MLPDS leaks Load Port Data. Load ports are used to perform load operations
from memory or I/O. The received data is then forwarded to the register
file or a subsequent operation. In some implementations the Load Port can
contain stale data from a previous operation which can be forwarded to
faulting or assisting loads under certain conditions, which again can be
exploited eventually. Load ports are shared between Hyper-Threads so cross
thread leakage is possible.

MDSUM is a special case of MSBDS, MFBDS and MLPDS. An uncacheable load from
memory that takes a fault or assist can leave data in a microarchitectural
structure that may later be observed using one of the same methods used by
MSBDS, MFBDS or MLPDS.

Exposure assumptions
--------------------

It is assumed that attack code resides in user space or in a guest with one
exception. The rationale behind this assumption is that the code construct
needed for exploiting MDS requires:

 - to control the load to trigger a fault or assist

 - to have a disclosure gadget which exposes the speculatively accessed
   data for consumption through a side channel.

 - to control the pointer through which the disclosure gadget exposes the
   data

The existence of such a construct in the kernel cannot be excluded with
100% certainty, but the complexity involved makes it extremly unlikely.

There is one exception, which is untrusted BPF. The functionality of
untrusted BPF is limited, but it needs to be thoroughly investigated
whether it can be used to create such a construct.


Mitigation strategy
-------------------

All variants have the same mitigation strategy at least for the single CPU
thread case (SMT off): Force the CPU to clear the affected buffers.

This is achieved by using the otherwise unused and obsolete VERW
instruction in combination with a microcode update. The microcode clears
the affected CPU buffers when the VERW instruction is executed.
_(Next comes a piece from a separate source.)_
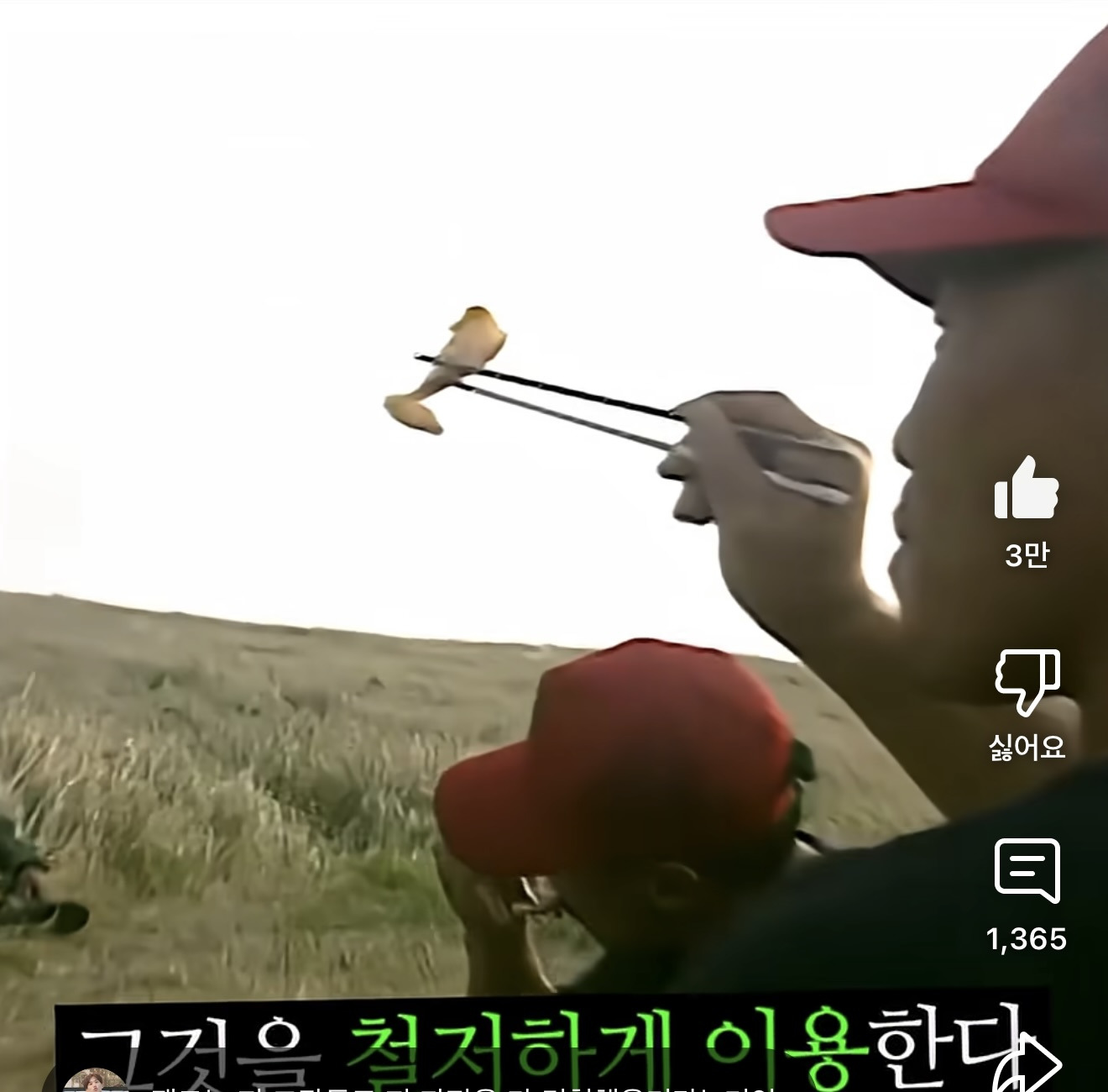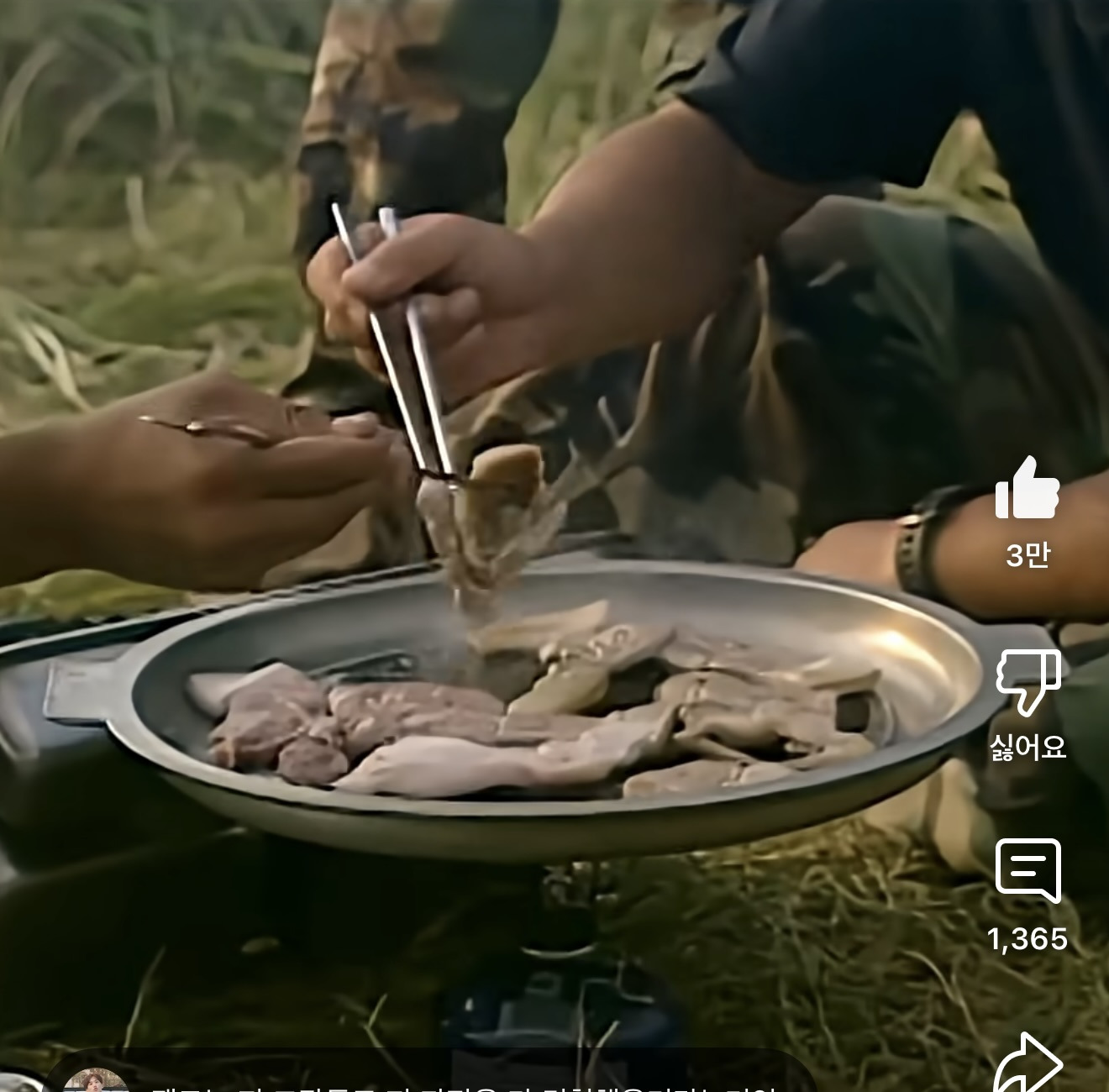 기름 튀겨가며 잘 익은 고기를 집는 교관

For virtualization there are two ways to achieve CPU buffer
clearing. Either the modified VERW instruction or via the L1D Flush
command. The latter is issued when L1TF mitigation is enabled so the extra
VERW can be avoided. If the CPU is not affected by L1TF then VERW needs to
be issued.

If the VERW instruction with the supplied segment selector argument is
executed on a CPU without the microcode update there is no side effect
other than a small number of pointlessly wasted CPU cycles.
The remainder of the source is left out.